◆ What the exercise asks ◆
Exactly as they appear, write the lines from the one containing "當日,為迎接畢業季,華中農業" to the final line of the entries, leaving pictures out.
━━━ Material for this task
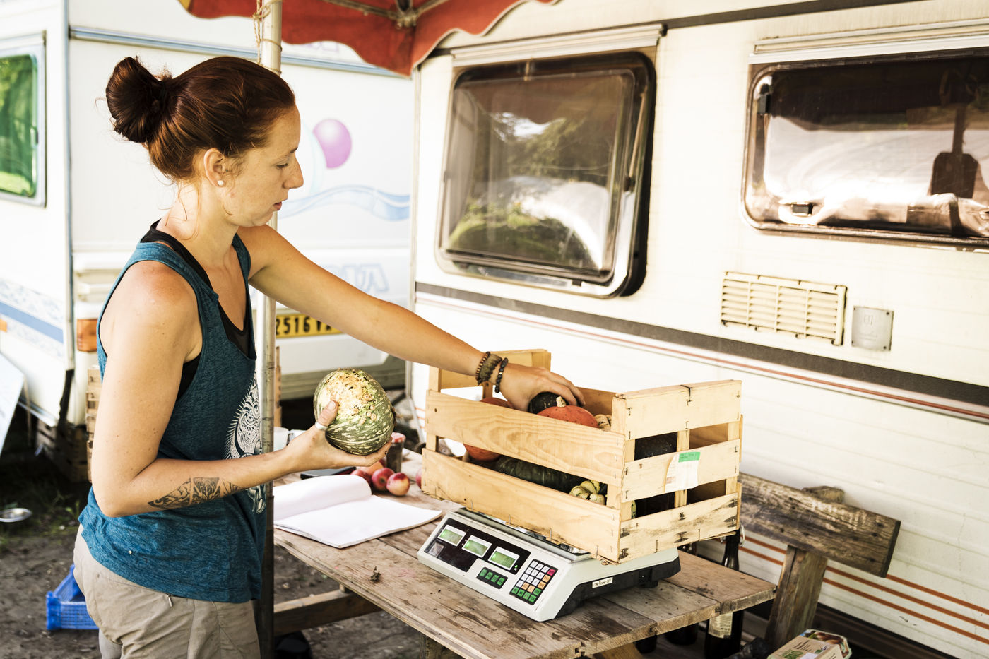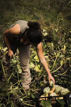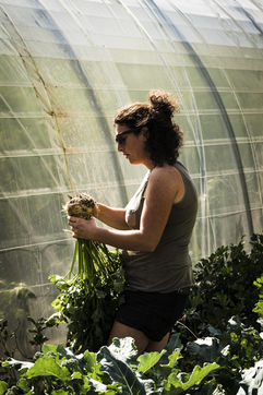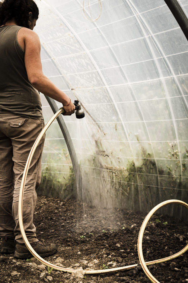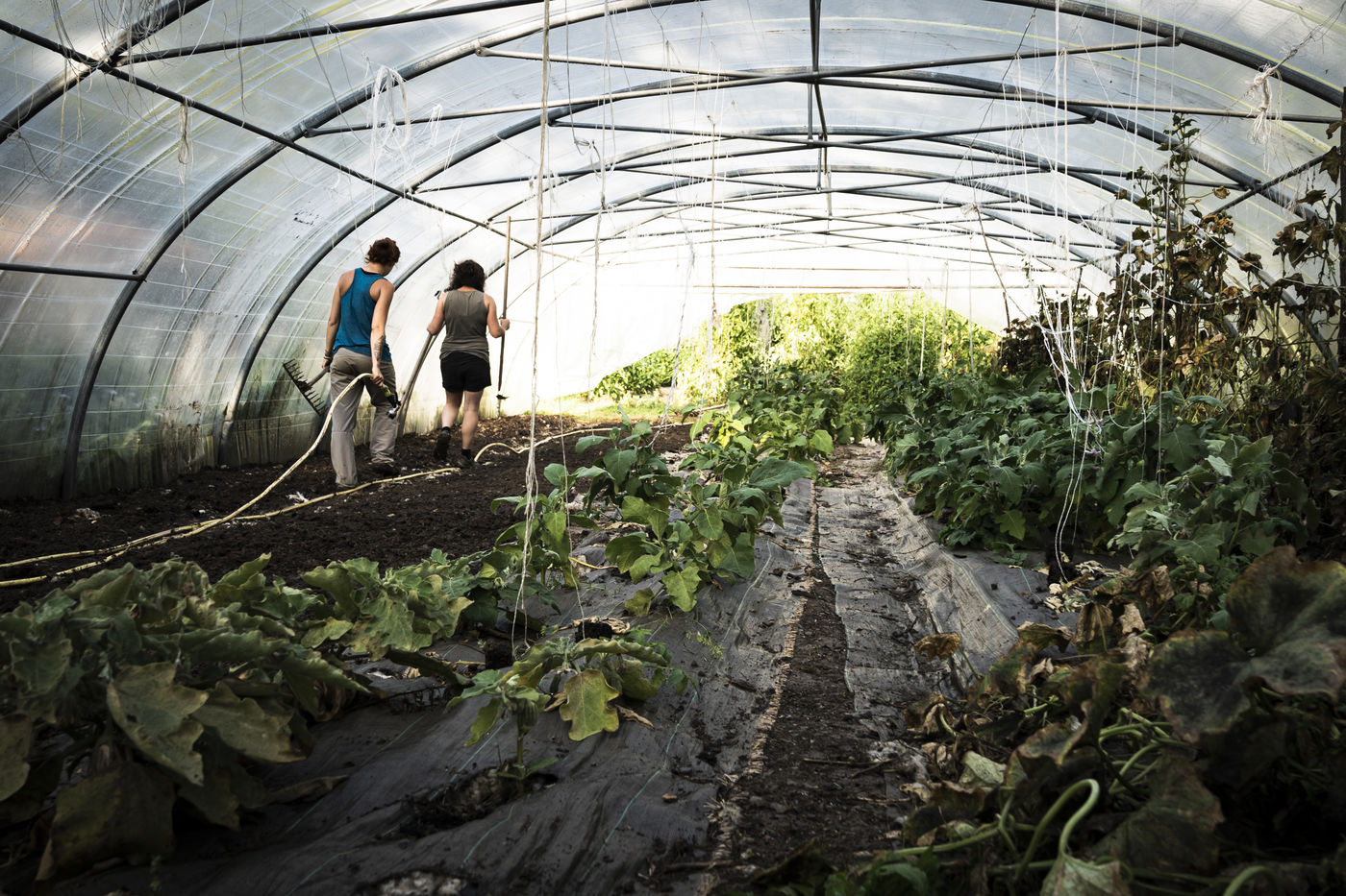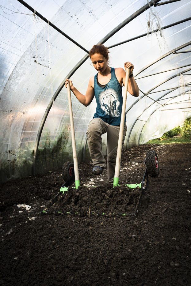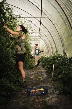 Elodie, en reconversion professionnelle a rejoint Audrey cet été. Toutes deux partagent la même vision : travailler la terre avec ce qu'elle offre, dans le respect de la nature.
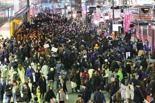 れいわ新選組の山本太郎代表は18日、全国ツアーの年内ファイナルとして東京都・新宿駅南口で街頭記者会見をおこなった。今年最後の街頭演説を見届けようと駅前には多くの人たちが集まり、新党旗揚げから参院選、全国を細かく回るツアーに踏み出した今年一年をふり返り、全国各地で切実な要求を束ねながら政治変革の力を拡大してきた成果を共有した。
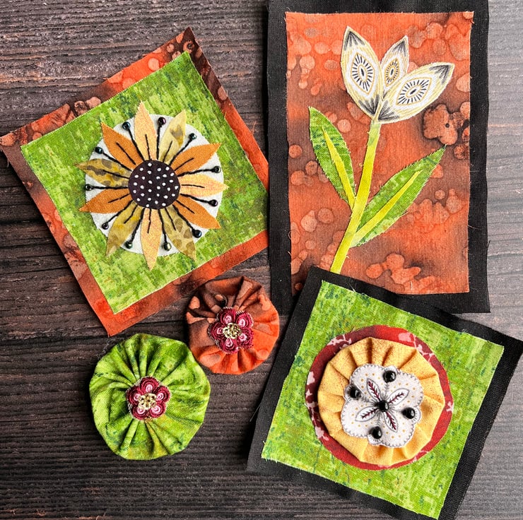 Craft supplies, textile collage, gift for crafter, boho flowers
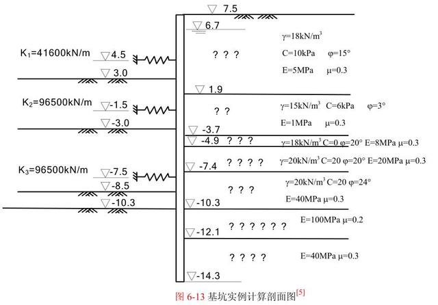 (4)在-7.5m 加第三道支撑,由-8.5m 开挖到-10.3m。各道支撑刚度及开挖和加撑过程如图 6-13 所示。
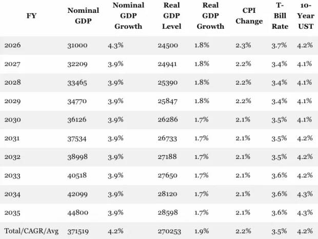 CBO Baseline Assumptions For Nominal GDP, Real GDP, Interest Rates and CPI, FY 2026-2035
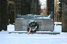 In 1930 a war memorial was unveiled to remember the fallen from the First World War; over 5,000 people climbed the Tönsberg for the opening ceremony. It was created by the sculptor, Berthold Müller-Oerlinghausen; a soldier lies on a sarcophagus framed by columns.[1]
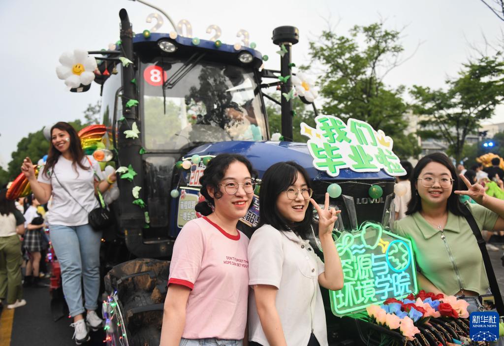 當日,為迎接畢業季,華中農業大學舉行了一場花車巡游,學生們簇擁著由現代農機裝備組成的花車隊伍,在校園里巡游,慶祝畢業、致敬青春。
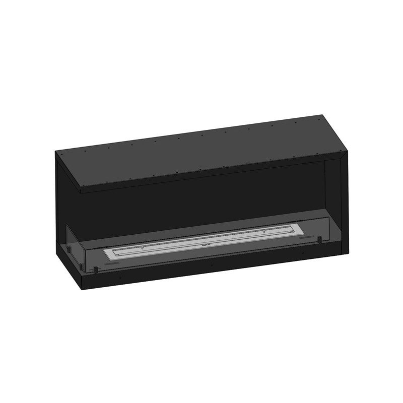 Konstrukcja biokominka wykonana ze stali kotłowej o grubości 3 mm lakierowanej proszkowo farbą termoodporną. Palenisko wykonane z jednego palnika typu prostego wykonanego ze stali nierdzewnej szczotkowanej o grubości 1,5 mm i szerokości 800mm. Pokrywa palnika wykonana ze stali o grubości 3mm, palnik o pojemności około 2 litrów.
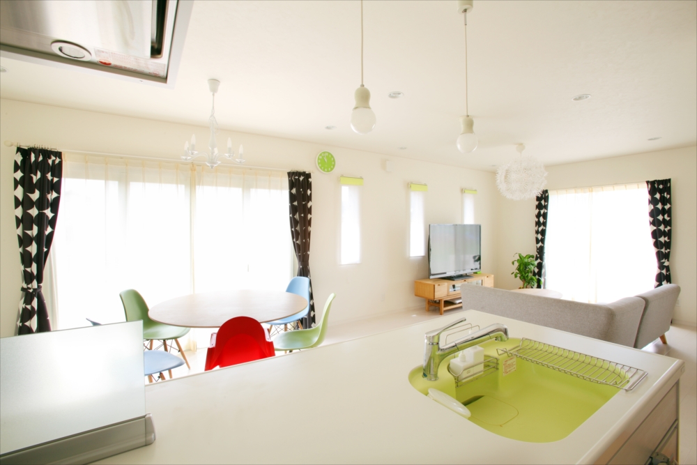 遊び心に富んだ 北欧風モダンの家。 部屋全体が見渡せるアイランドキッチンの周りは、お子様のランニングコースに。 家中を走り回った後は、リビング続きの和室で一休み。 ウォークインクローゼットを設けた主寝室は、 自然に眠りにつけるようにダークカラーでまとめました。 色使いをとことん遊んだ水回り。 2階トイレは主に家族で仕様する為、一番ビビットな壁紙を使用しました。 色どり豊かなコーディネートが訪れる人を魅了する素敵なお家です。 共有:クリックして Twitter で共有 (新しいウィンドウで開きます)Facebook で共有するにはクリックしてください (新しいウィンドウで開きます) 関連
━━━━━━
◆ Solution ◆
 當日,為迎接畢業季,華中農業大學舉行了一場花車巡游,學生們簇擁著由現代農機裝備組成的花車隊伍,在校園里巡游,慶祝畢業、致敬青春。
 Konstrukcja biokominka wykonana ze stali kotłowej o grubości 3 mm lakierowanej proszkowo farbą termoodporną. Palenisko wykonane z jednego palnika typu prostego wykonanego ze stali nierdzewnej szczotkowanej o grubości 1,5 mm i szerokości 800mm. Pokrywa palnika wykonana ze stali o grubości 3mm, palnik o pojemności około 2 litrów.
 遊び心に富んだ 北欧風モダンの家。 部屋全体が見渡せるアイランドキッチンの周りは、お子様のランニングコースに。 家中を走り回った後は、リビング続きの和室で一休み。 ウォークインクローゼットを設けた主寝室は、 自然に眠りにつけるようにダークカラーでまとめました。 色使いをとことん遊んだ水回り。 2階トイレは主に家族で仕様する為、一番ビビットな壁紙を使用しました。 色どり豊かなコーディネートが訪れる人を魅了する素敵なお家です。 共有:クリックして Twitter で共有 (新しいウィンドウで開きます)Facebook で共有するにはクリックしてください (新しいウィンドウで開きます) 関連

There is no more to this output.